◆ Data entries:
<<<<
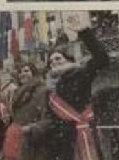
Alcune immagini del Carnevale 2023.

futuro con il carro dedicato all'intelligenza artificiale, realizzato da Patella Vache, che ha chiuso la sfilata con creatività e ironia. Ad aprirla, invece, sono stati Mosso Panatè e Madama Farina
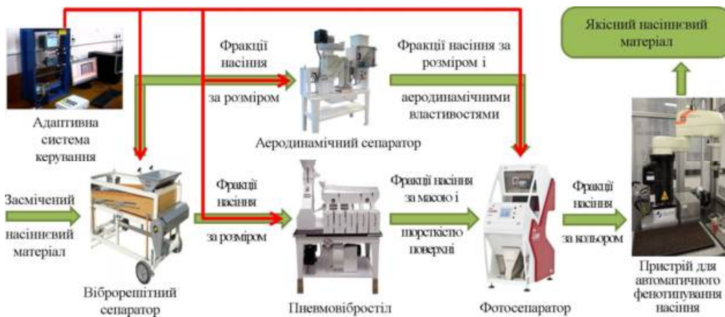
Рис. 2. Розроблена раціональна прецизійна технологічна лінія процесів сепарації насіннєвого матеріалу соняшника
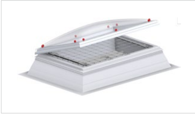
JET-LK-DDN, eingebaut auf GFK-Aufsetzkranz mit Lichtkuppel, lüftbar
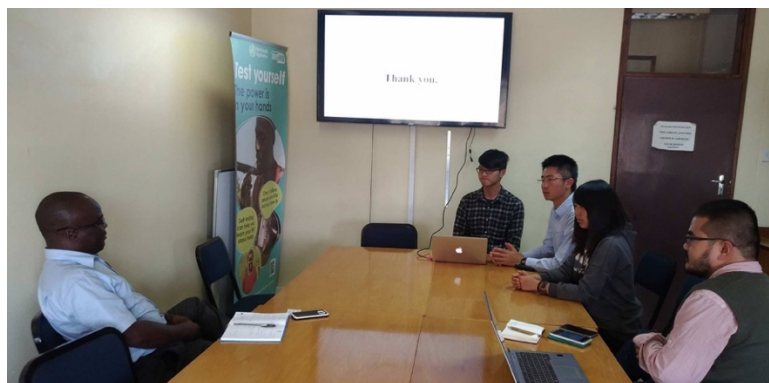
與 WHO 的官員進行會議，攝於馬拉威里朗威市

進行跨國的研究需要堅毅，像是蜘蛛補網，即使破洞很大，還是要一絲一絲將網補全，才得以完整。在馬拉威實習給了我一個機會與來自四面八方的人溝通與合作，常常會發現有資訊不對等或是資源不足之處，需要如蜘蛛般的堅毅，一點一滴把破洞補齊，這個過程磨礪了我的耐性，使我面對不同處境可以堅持到底。
>>>>
◆ THE PROBLEM: Please give the records above again exactly as they stand, with no pictures.

◆ EXERCISE SOLUTION:
Alcune immagini del Carnevale 2023.

futuro con il carro dedicato all'intelligenza artificiale, realizzato da Patella Vache, che ha chiuso la sfilata con creatività e ironia. Ad aprirla, invece, sono stati Mosso Panatè e Madama Farina
Рис. 2. Розроблена раціональна прецизійна технологічна лінія процесів сепарації насіннєвого матеріалу соняшника
JET-LK-DDN, eingebaut auf GFK-Aufsetzkranz mit Lichtkuppel, lüftbar
與 WHO 的官員進行會議，攝於馬拉威里朗威市

進行跨國的研究需要堅毅，像是蜘蛛補網，即使破洞很大，還是要一絲一絲將網補全，才得以完整。在馬拉威實習給了我一個機會與來自四面八方的人溝通與合作，常常會發現有資訊不對等或是資源不足之處，需要如蜘蛛般的堅毅，一點一滴把破洞補齊，這個過程磨礪了我的耐性，使我面對不同處境可以堅持到底。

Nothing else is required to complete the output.